**RECORDS PROVIDED**
● ● ●

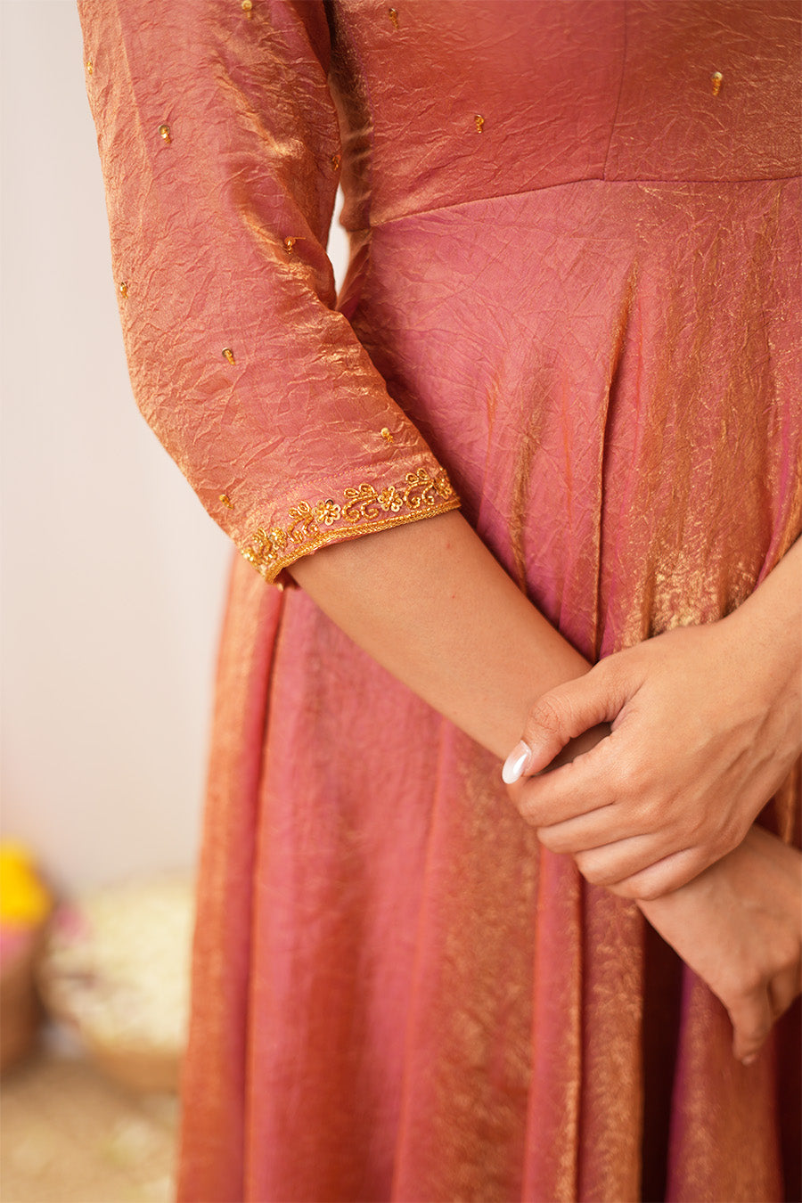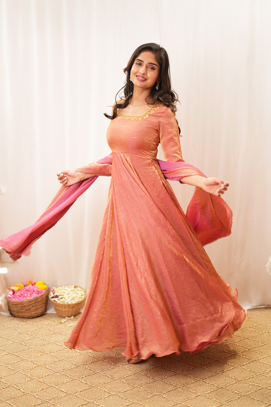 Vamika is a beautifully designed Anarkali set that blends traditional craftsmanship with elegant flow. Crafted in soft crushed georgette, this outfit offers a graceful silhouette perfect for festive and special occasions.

● ● ●

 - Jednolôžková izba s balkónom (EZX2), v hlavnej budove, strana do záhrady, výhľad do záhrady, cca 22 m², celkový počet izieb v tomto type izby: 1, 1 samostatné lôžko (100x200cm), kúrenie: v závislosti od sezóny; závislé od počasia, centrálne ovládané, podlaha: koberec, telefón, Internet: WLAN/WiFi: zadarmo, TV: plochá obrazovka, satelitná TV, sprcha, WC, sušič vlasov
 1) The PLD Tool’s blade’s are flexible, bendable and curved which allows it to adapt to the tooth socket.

● ● ●

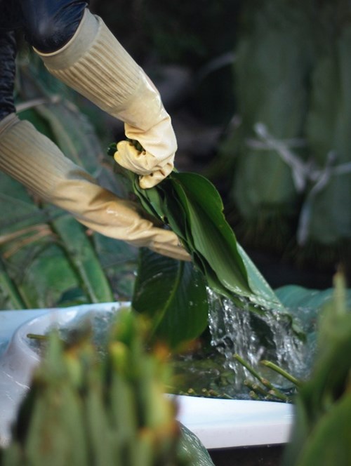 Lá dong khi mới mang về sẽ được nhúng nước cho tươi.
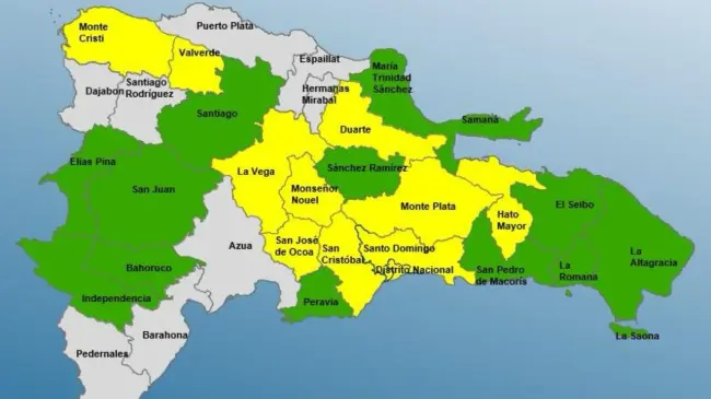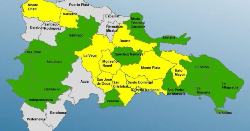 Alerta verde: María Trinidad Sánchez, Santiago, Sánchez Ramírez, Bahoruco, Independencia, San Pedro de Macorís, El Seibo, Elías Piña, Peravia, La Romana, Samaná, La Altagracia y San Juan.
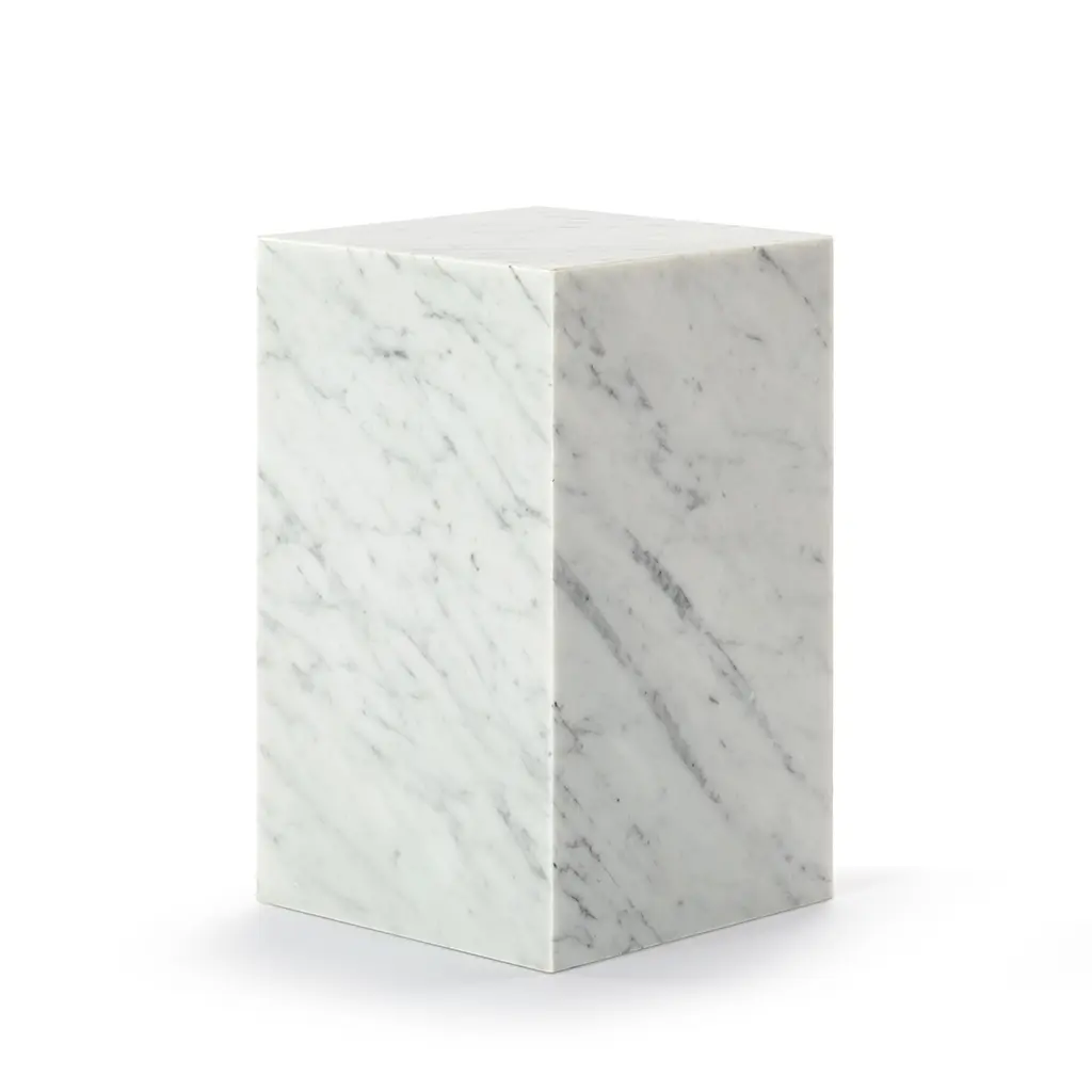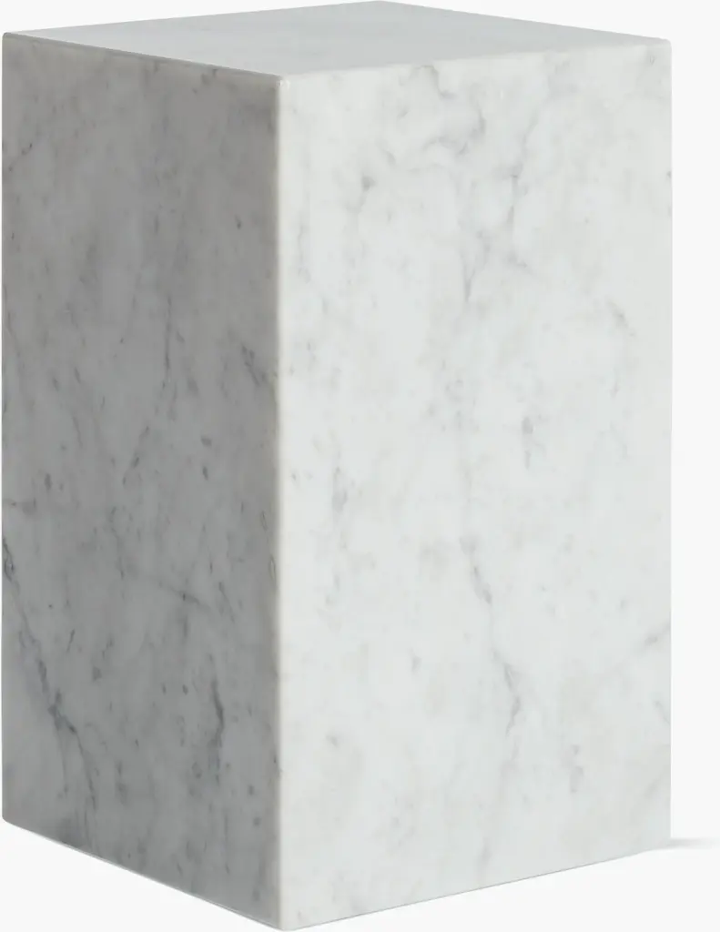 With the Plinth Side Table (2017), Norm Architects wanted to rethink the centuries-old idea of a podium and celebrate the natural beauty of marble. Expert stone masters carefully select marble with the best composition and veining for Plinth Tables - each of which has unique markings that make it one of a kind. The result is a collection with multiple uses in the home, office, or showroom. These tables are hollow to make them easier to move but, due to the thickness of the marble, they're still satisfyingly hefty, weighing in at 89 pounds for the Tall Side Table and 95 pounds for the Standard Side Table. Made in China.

● ● ●

**TASK REQUIREMENTS**
Look through the material above. Transcribe exactly the lines between the ones with "Alerta verde: María" and "With the Plinth", inclusive, and keep pictures out.

**WRITTEN RESPONSE**
 Alerta verde: María Trinidad Sánchez, Santiago, Sánchez Ramírez, Bahoruco, Independencia, San Pedro de Macorís, El Seibo, Elías Piña, Peravia, La Romana, Samaná, La Altagracia y San Juan.
 With the Plinth Side Table (2017), Norm Architects wanted to rethink the centuries-old idea of a podium and celebrate the natural beauty of marble. Expert stone masters carefully select marble with the best composition and veining for Plinth Tables - each of which has unique markings that make it one of a kind. The result is a collection with multiple uses in the home, office, or showroom. These tables are hollow to make them easier to move but, due to the thickness of the marble, they're still satisfyingly hefty, weighing in at 89 pounds for the Tall Side Table and 95 pounds for the Standard Side Table. Made in China.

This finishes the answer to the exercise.